When we get outside, Oliver says, “I know what you need now.”

He takes me to a place called the Creperie and—I’m serious—orders in French. My anger toward my father is momentarily dissolved as my teeth sink into a thin banana-chocolate crepe with melted vanilla ice cream.

“So who do you think was really with her that night?” Oliver asks as we finish our crepes.

“Well, it’s obviously someone important, or my father wouldn’t have lied about it.”

“Right. Cole?”

“That would explain the cuff link. Will you try and find him with me?”

“This sure beats doing my scales,” he says, and leaves a crisp twenty on the table.

“Was that a date?” I ask as we enter the pedestrian traffic.

“If you wanted it to be,” he says.

As we walk toward home, Oliver looks at me with genuine concern.

“Do you think your mom was having an affair with this guy?”

“I’m not sure. I don’t want to even go there without knowing for sure, you know?”

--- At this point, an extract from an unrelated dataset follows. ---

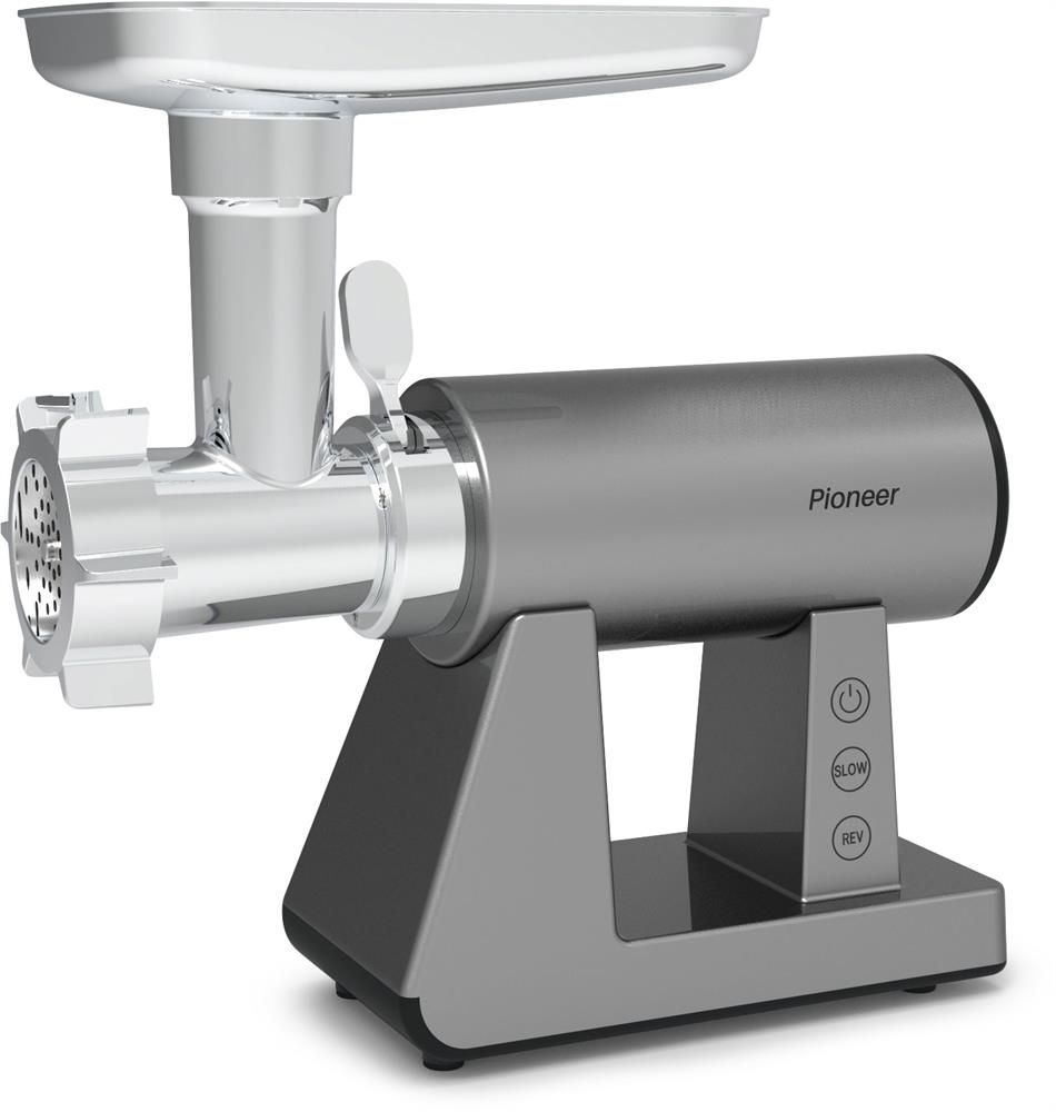 Профессиональная электрическая мясорубка, Максимальная мощность 2700 Вт, Электродвигатель постоянного тока, DC, Высокая производительность до 2.7 кг. мяса в минуту, Сенсорное управление, Металлическое соединение шнека с редуктором, 2 скорости работы для эффективной обработки разных продуктов, Функция реверса, Нож из высококачественной стали, 3 решетки из высококачественной стали в комплекте: 4 мм, 7 мм, подрезная, Насадки для формирования колбасок разного размера 142022 мм и кеббе Профессиональный алюминиевый замок головки мясорубки, (Легкое снятие шнекового блока) Толкатель для продуктов, Металлический лоток, Пластиковый корпус, Противоскользящие резиновые ножки-присоски, Двойная защита двигателя, Длина шнура 1 м

“Yeah. My dad was having an affair before they got
divorced. There was this woman who gave me tennis lessons. It’s ridiculous how naive I was. She was practically falling all over him.

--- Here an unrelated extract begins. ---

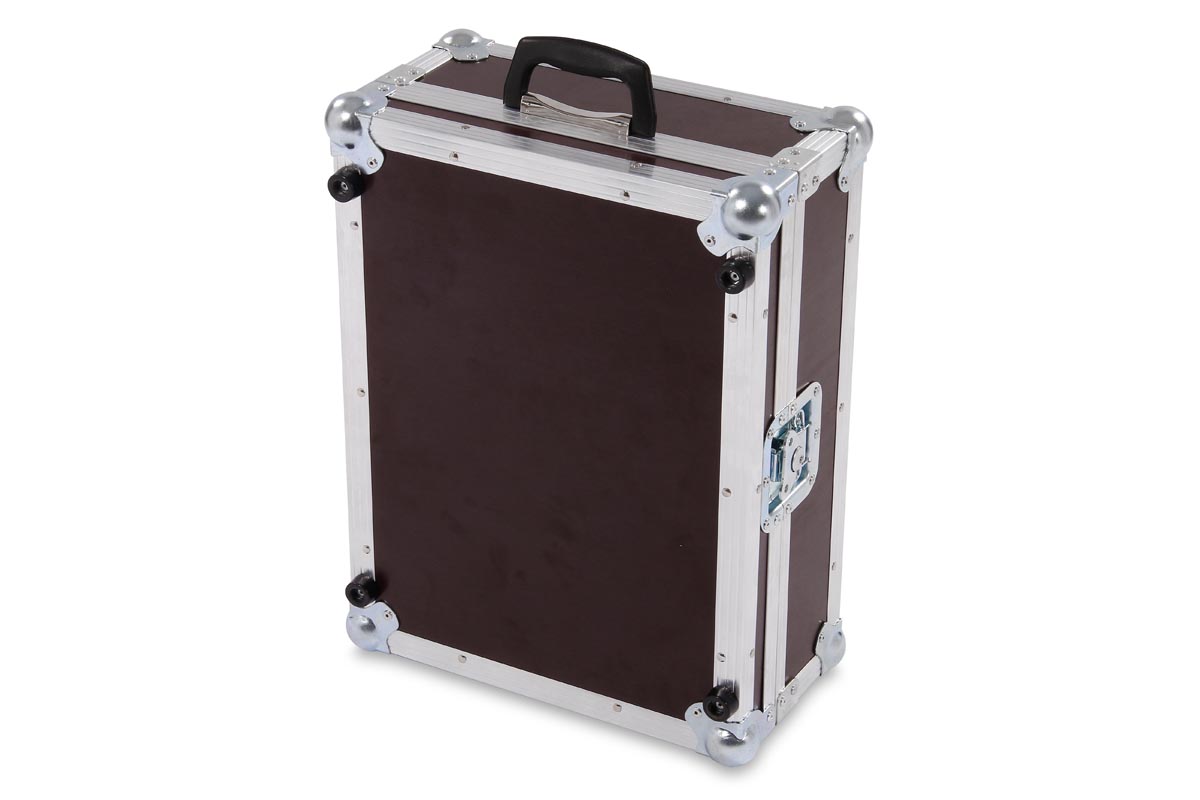 Nach Maß gefertigtes Haubencase für einen Denon DJ SC5000 Prime Player. Alle Anschlüsse sind direkt zugänglich. Im Rückraum und unter dem Gerät ist Platz für Kabel und mehr.

“Do you think your father was somehow involved in the accident?”

His direct questioning has a bizarre effect on me. Instead of being defensive, I am totally at ease. He grasps my hand for a minute, then uncurls his fingers to let go.

“I hadn’t even thought about that, but maybe he was.”

There’s an old woman holding court on her stoop with two UPS guys. Oliver stops me at the corner and gives me a serious look.

“Whatever it is, Fifteen, I think it’s good you are doing this. You deserve to know.”

We continue in silence, and he takes my hand again, this time holding on. In the middle of all that’s happening, something feels right. I let each breath go deep and relish it. When we get to my door we almost kiss, but we both become self-conscious. Instead, he puts his hand under my chin for a brief time, and I feel prettier than any Rachel in the world.

CHAPTER 16
HEAVY STUFF

I avoid my father tonight. I’m afraid of the sharp words that may hurl out of my mouth. When there’s a knock on my door, I brace myself. Thankfully, it’s only Tile.

“Shouldn’t you be in bed?”

“Elise’s here, so all the rules go out the window,” Tile says with a smile.

“She is?”

“Can’t you smell her? It’s like, onions or something … ew.”

“It’s called patchouli.”

“Pawhosit?”

For a moment I wish I were Tile’s age, so immune to the hardness of things. My mother’s death will affect him more as he grows older. Especially when he finds out what I’m discovering. Do I want to know more? Is there
a legitimate reason why my father wouldn’t tell me who was at dinner that night?

I tell Tile to get lost, and will myself to relax. I listen to my iPod for a while, music always being my chosen form of escape, then drift off to sleep.

The next day I take the entire stack of Daria photos and put them in a big envelope. My father’s still with Elise, and Tile is right—all rules are off.

This time the cabdriver who gives me a ride to Greenpoint is talking very loudly into an earpiece in what I believe is Swahili. It sounds like chanting, and it has a calming effect on me.